Barack Obama In Afghanistan To Sign Security Pact

KABUL, Afghanistan — President Barack Obama made a surprise visit to Afghanistan on Tuesday, the eve of the one-year anniversary of the assassination of Osama bin Laden.

The goal of the trip is to meet with Afghan President Hamid Karzai and sign off on a long-term agreement that would extend America’s military presence in the country into the next decade. ABC reported that Obama will deliver a live, televised address from Bagram Air Base at 7:30 p.m. EDT. The speech is expected to last for about 10 minutes, a White House pool report notes.

Obama’s itinerary was cloaked in secrecy through the day Tuesday, as White House officials sought to keep news of the trip under wraps out of concern for his safety. Even after hints of the president’s arrival broke on Twitter and local Afghan news outlets, White House and U.S. embassy officials repeatedly denied that the president was “in Kabul,” and reportedly even asked some outlets to remove mention of it from their Twitter feeds.

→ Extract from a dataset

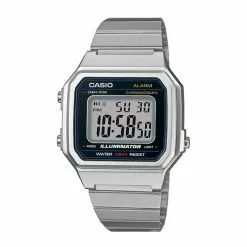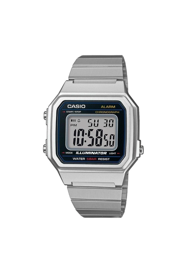 -Glass:Resin Glass-Case Material: Resin-Case Color: Silver-Strap Material: Stainless Steel-Movement: Digital Movement-Function:Large time digits, LED backlight, 1/100-second stopwatch, Daily alarm, Stainless steel band-Warranty: 1 Year

Kabul has been generally safe recently, but the Taliban has occasionally staged dramatic attacks on international forces and diplomatic installations, including a major assault on the American embassy last year, and a 20-hour siege of the Parliament and other government offices just last month.

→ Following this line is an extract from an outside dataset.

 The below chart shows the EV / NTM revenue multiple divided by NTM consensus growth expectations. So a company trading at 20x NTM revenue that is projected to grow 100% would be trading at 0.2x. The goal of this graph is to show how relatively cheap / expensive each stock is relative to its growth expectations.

Obama left at Washington, D.C. at 12:09 a.m. Tuesday morning, according to the pool report. He was greeted by Ambassador Ryan Crocker and Lt. General Mike Scaparrotti, Deputy Commander of U.S. Forces in Afghanistan.

Obama is expected to sign off on a ten-year strategic partnership agreement while in Afghanistan that has been the subject of protracted negotiations over the past several months. U.S. officials in Kabul say the agreement, the details of which have not yet been released, includes broad terms for American troops to stay in Afghanistan for 10 years after the end of 2014, the deadline for combat operations to end.

Final specifics of the pact, including how much money the U.S. would contribute to Afghanistan’s coffers or how many troops would remain in the country, are expected to be negotiated in future memorandums of understanding in the coming year. Analysts have estimated the number of U.S. troops serving as trainers and advisers in the long term could be as high as 20,000.

The formal signing of the strategic agreement is seen as something of a perfunctory event — it was understood that it would be finalized before a major international conference of donors to Afghanistan, which is scheduled for late May in Chicago. But until the initialing of the agreement last week, it was not clear that even a preliminary deal could be reached, as the relationship between Karzai and the Obama administration has grown increasingly frosty over the years.

In that sense, Obama’s decision to appear in person in Kabul, and with Karzai, could be seen as marking a significant development in the relationship between the two leaders.

The president’s arrival on the one-year anniversary of U.S. special forces killing bin Laden in neighboring Pakistan also marks an important symbolic gesture, one that could resonate as the presidential campaign season ramps up back home.